***** Extracted information *****

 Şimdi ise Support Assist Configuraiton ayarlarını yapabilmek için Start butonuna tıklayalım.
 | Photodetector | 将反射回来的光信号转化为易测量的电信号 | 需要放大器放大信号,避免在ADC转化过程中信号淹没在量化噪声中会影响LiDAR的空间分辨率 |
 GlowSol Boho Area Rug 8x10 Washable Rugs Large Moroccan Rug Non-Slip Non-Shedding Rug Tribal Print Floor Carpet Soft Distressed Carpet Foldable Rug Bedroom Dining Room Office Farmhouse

*****
***** Extracted information *****

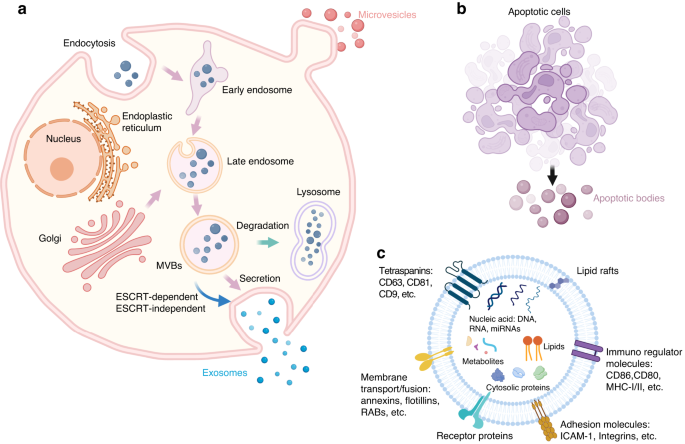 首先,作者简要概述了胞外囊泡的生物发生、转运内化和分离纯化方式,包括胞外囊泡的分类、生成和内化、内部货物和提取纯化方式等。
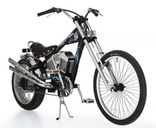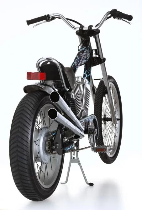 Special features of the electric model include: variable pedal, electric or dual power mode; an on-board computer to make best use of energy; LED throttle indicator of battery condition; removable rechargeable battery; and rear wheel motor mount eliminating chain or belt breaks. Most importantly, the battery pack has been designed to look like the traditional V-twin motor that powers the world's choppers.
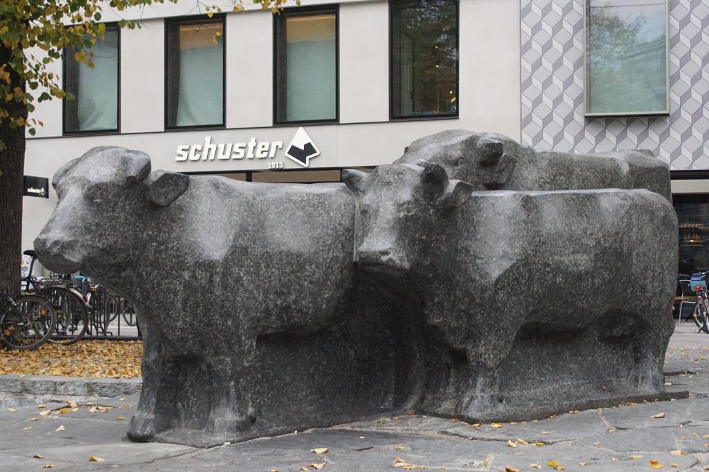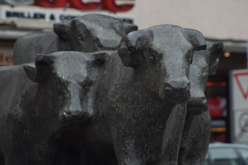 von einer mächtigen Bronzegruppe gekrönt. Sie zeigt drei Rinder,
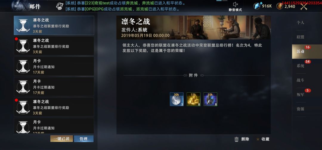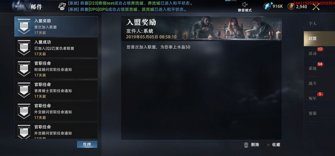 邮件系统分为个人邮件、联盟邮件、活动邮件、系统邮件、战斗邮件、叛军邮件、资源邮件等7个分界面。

*****
***** Extracted information *****

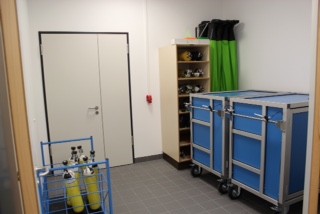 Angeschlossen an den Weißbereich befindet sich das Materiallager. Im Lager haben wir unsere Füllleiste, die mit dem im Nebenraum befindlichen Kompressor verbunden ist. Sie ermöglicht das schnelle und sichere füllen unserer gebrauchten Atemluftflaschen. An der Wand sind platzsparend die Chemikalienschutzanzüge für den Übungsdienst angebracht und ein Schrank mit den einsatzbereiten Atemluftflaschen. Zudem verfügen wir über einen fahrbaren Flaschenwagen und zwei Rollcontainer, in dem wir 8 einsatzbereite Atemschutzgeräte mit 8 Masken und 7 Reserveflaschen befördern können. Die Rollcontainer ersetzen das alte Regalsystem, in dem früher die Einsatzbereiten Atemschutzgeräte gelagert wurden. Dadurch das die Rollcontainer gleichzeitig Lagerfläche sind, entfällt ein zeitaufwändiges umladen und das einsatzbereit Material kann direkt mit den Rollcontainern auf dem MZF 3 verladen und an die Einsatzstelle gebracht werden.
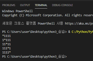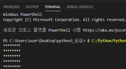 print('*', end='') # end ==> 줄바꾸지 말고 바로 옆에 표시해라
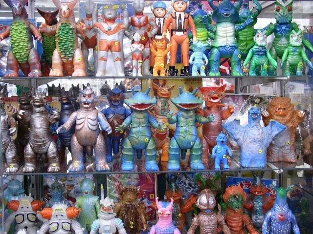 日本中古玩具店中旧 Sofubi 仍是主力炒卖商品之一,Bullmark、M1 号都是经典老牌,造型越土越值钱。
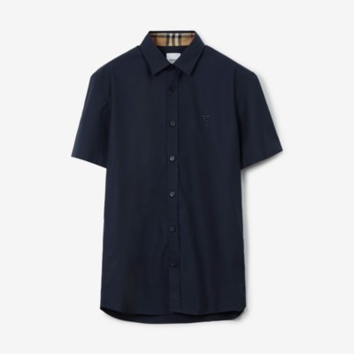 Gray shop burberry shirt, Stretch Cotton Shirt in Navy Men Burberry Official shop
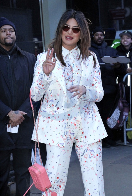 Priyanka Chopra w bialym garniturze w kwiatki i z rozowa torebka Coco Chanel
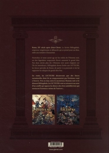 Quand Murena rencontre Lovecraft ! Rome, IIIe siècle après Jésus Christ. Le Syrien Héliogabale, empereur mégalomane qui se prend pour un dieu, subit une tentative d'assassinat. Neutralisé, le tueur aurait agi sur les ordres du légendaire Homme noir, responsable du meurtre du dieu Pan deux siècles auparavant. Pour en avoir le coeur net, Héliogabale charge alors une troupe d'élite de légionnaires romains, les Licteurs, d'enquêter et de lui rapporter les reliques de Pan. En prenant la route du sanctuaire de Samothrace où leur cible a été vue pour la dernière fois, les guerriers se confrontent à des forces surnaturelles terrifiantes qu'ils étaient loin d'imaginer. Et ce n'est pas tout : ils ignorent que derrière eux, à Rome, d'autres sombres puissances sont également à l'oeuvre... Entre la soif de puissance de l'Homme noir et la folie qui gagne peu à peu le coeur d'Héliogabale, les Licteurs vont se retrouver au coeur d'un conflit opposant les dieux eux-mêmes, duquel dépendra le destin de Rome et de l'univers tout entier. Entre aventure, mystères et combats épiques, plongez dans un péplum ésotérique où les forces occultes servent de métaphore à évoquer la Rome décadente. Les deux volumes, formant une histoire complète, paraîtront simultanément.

*****

» The task
Write out exactly the run of lines above that starts at the line containing "von einer mächtigen" and ends at the line containing "邮件系统分为个人邮件、联盟邮". Include both, and leave the pictures out.

» Written reply
 von einer mächtigen Bronzegruppe gekrönt. Sie zeigt drei Rinder,
 邮件系统分为个人邮件、联盟邮件、活动邮件、系统邮件、战斗邮件、叛军邮件、资源邮件等7个分界面。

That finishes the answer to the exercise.